The appeal to private investors

Family offices and private investors are drawn to the cannabis industry’s dramatic growth potential. According to New Frontier Data’s Cannabis Industry Annual Report, the legal cannabis market was worth an estimated $6.6 billion in 2016, and annual sales projected to grow at a compound annual growth rate (CAGR) of 16% to reach more than $24 billion by 2025.

“Many people are investing in the space, but the family office investors who are most interested are those which are familiar with agriculture, warehousing, or have navigated more heavily regulated business channels before and have done well there such as alcohol and tobacco,” explains Richard C. Wilson, who advises on over $5B of family office assets and is CEO of the Family Office Club.

Even if the Justice Department doesn’t intervene, the cannabis market has attracted so much interest lately that some investors worry about valuations. “I have seen many startup cannabis companies getting $20 million and $50 million plus valuations with only a little progress to show for it, and most of the valuation being on the excitement around the space,” says Wilson.

He adds that initial rounds of capital typically come from friends and family — who may have an inflated idea of value. “There is often a huge gap between what un-informed golf club HNW friends will pay for access to a deal vs. a wise family office. That is happening now fairly often but can get solved via debt notes, warrants, down rounds, special provisions on a share class, etc.,” he adds.

So in addition to the legal risks, there may also be financial exposure. “There’s a risk that you are far overpaying for a startup company who doesn't have sales yet. If the space gets too hot you are better off waiting to see who survives and then buy their proven cash flow down the road when things settle down potentially - but nobody knows if or when that could happen,” says Wilson.

Not for everyone

Given the proliferation of seminars and conferences, alternative investment vehicles (a trio of marijuana-related ETFs launched in January) and research on the topic, you might think that private investors were swarming the cannabis industry. But even in the family office sector, many organizations are wary of the legal, reputational and investment risks.
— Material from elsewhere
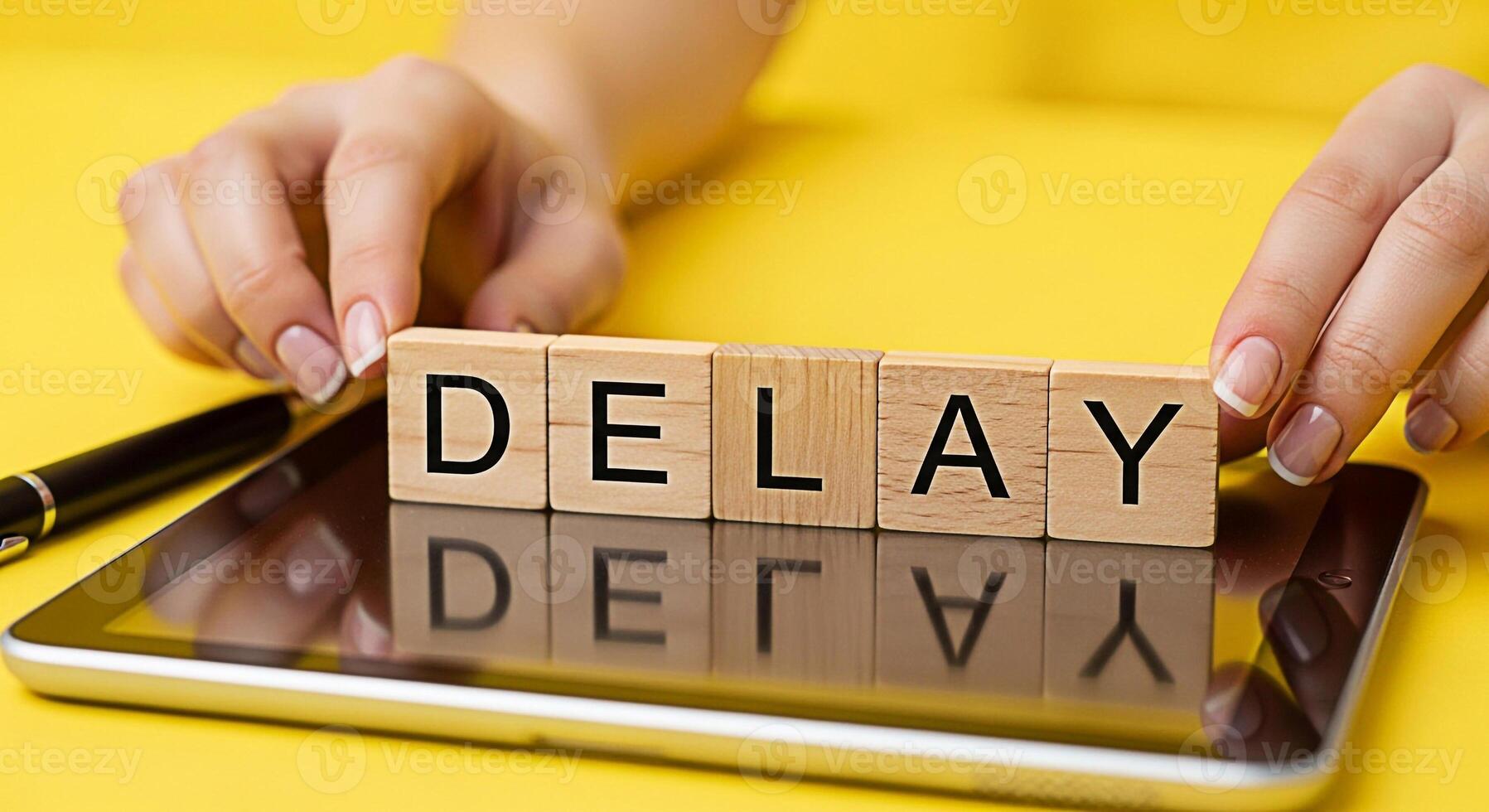 Female hands arranging wooden blocks spelling DELAY on a tablet in a bright yellow studio symbolizing project postponement and the challenge of managing timelines with a sense of urgency and control Pro Photo

Even MedMen's Yi admits, “This is not an investment space for everyone. There are people who will never get into this space until the federal prohibition ends.”

“It is a tricky space to navigate, but therein lies the opportunity,” he adds. “There’s no other industry today that gives you the potential to do a rate of return of in the 25% to 30% range. So it’s your classic risk and reward when it comes to investment. Yes, the risks are higher, or perceived risks from our standpoint. But if you believe in the long-term viability of this industry, the potential returns are huge.”